One solution we are currently thinking of ,is to have reverse token filter applied to a field to store the reverse terms and do the above query like -

Query2
POST index/_search
{
"query" : {
"wildcard" : {
"field1" : "oof*",
"rewrite" : "top_terms_boost_100" // we try to force limit the expansions to 100
}
}

I have 2 questions , please help clarify
(1) Is there any way we could better rewrite the Query1 so that we don't have a performance hit in terms of memory consumption etc?
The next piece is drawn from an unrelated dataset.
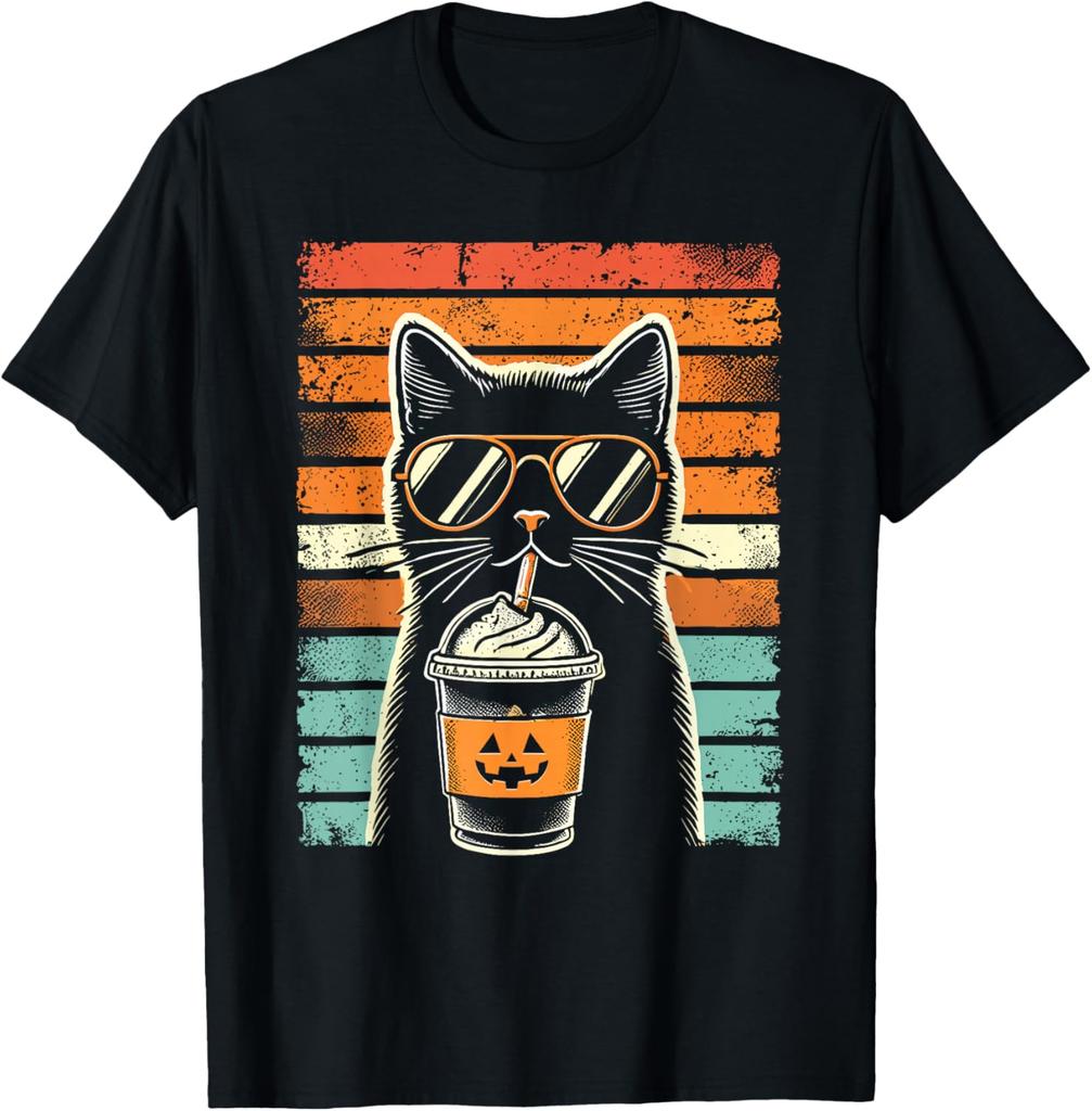 Black Cat Pumpkin Spice Latte Hipster Graphic Tee Retro Distressed TShirt Casual

(2) On a field with reverse token applied is it better to use a wildcard term query (like Query2)or a match_phrase_prefix query ? Which one is recommended? Which is more performant?

Thanks, Divya


(David Pilato) #2

IMO it's indeed better to use a reverse token based analyzer in such a case (with lowercase as well).

I'd also use a reverse token, lowercase and edge n gram filter at index time and a reverse token, lowercase at search time.

That will be less performant at index time (as you have to generate more tokens but will be much faster IMO at search time.

You need to test this strategy though.


(Divya Malini) #3

Thanks for the suggestion David!!

Could you also please share any recommendation regarding match_phrase_prefix or wilcard term query, the more performant one at a larger scale ?


(David Pilato) #4

Avoid wildcard as much as possible IMO.


(Divya Malini) #5

Thanks David!


(system) #6

This topic was automatically closed 28 days after the last reply. New replies are no longer allowed.